BREAKING NEWS

Top Saudi cleric says Nigeria's Boko Haram smears Islam

DUBAI - Saudi Arabia's grand mufti, the top religious authority in the birthplace of Islam, has condemned Nigeria's Boko Haram as a group "set up to smear the image of Islam" and condemned its kidnapping of over 200 schoolgirls.
Sheikh Abdulaziz Al al-Sheikh said the radical movement, which says it wants to establish a "pure" Islamic state in Nigeria, was "misguided" and should be "shown their wrong path and be made to reject it."
His remarks came as religious leaders in the Muslim world, who often do not comment on militant violence, joined in denouncing Boko Haram leader Abubakar Shekau for saying Allah had told him to sell off the kidnapped girls as forced brides.

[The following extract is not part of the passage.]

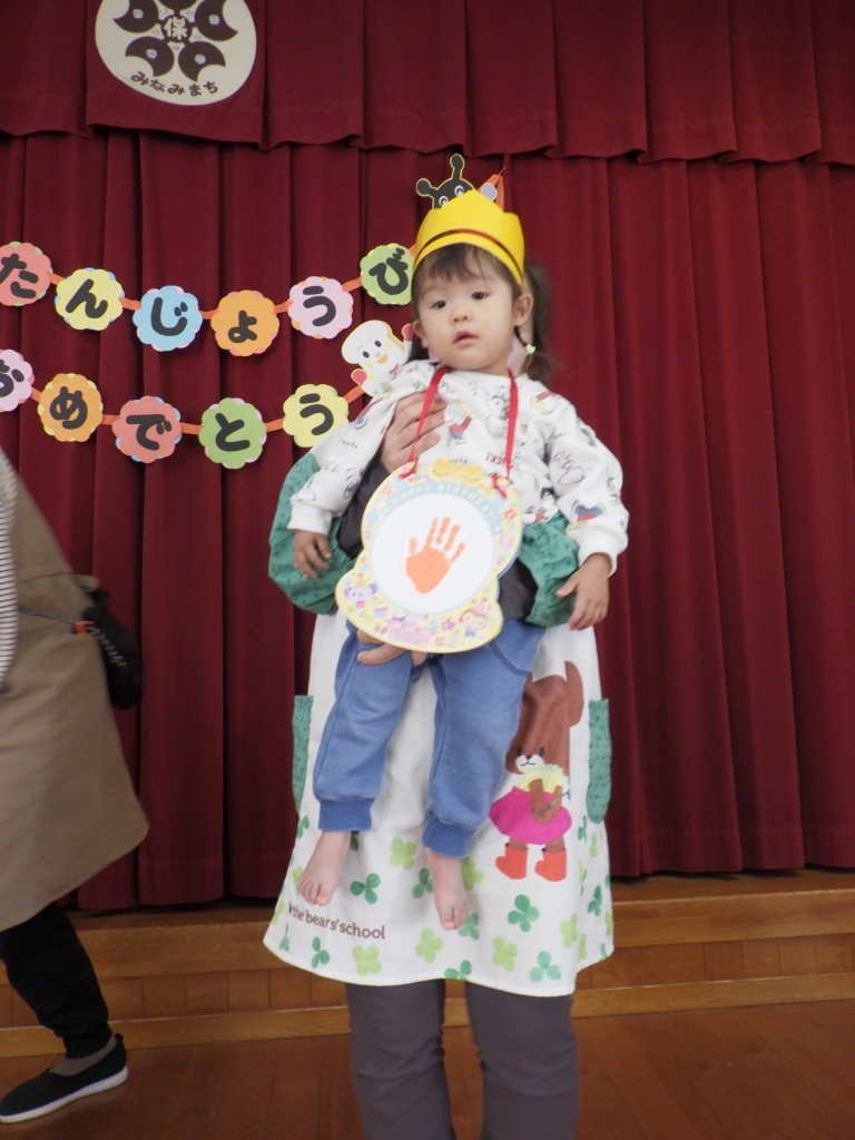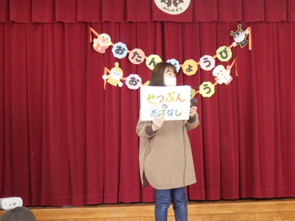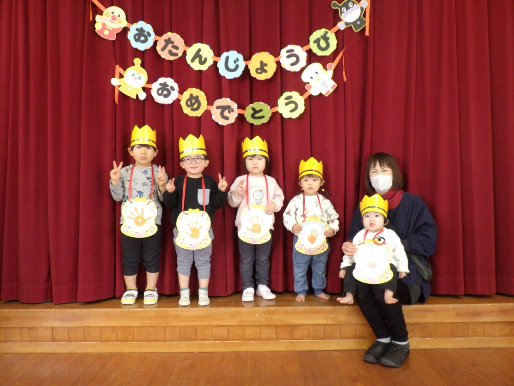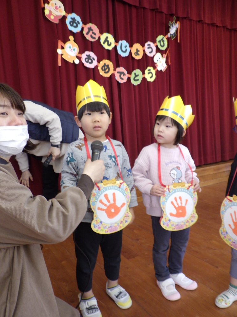 2/13(金)は、2月の誕生会でした。豆まきの歌やコンコンクシャンの歌を元気にうたいました。インタビューでは、「好きな食べ物は?」「何歳になったかな?」の質問に「りんご♡」「4歳☆」等とかわいく答えてくれました。

"This is a group that has been set up to smear the image of Islam and must be offered advice, shown their wrong path and be made to reject it," he told the Arabic-language newspaper al-Hayat in an interview published on Friday.
"These groups are not on the right path because Islam is against kidnapping, killing and aggression," he said. "Marrying kidnapped girls is not permitted."
Boko Haram militants kidnapped some 250 girls on April 14 from a secondary school in Chibok village, near the Cameroon border, while they took exams. Fifty have since escaped.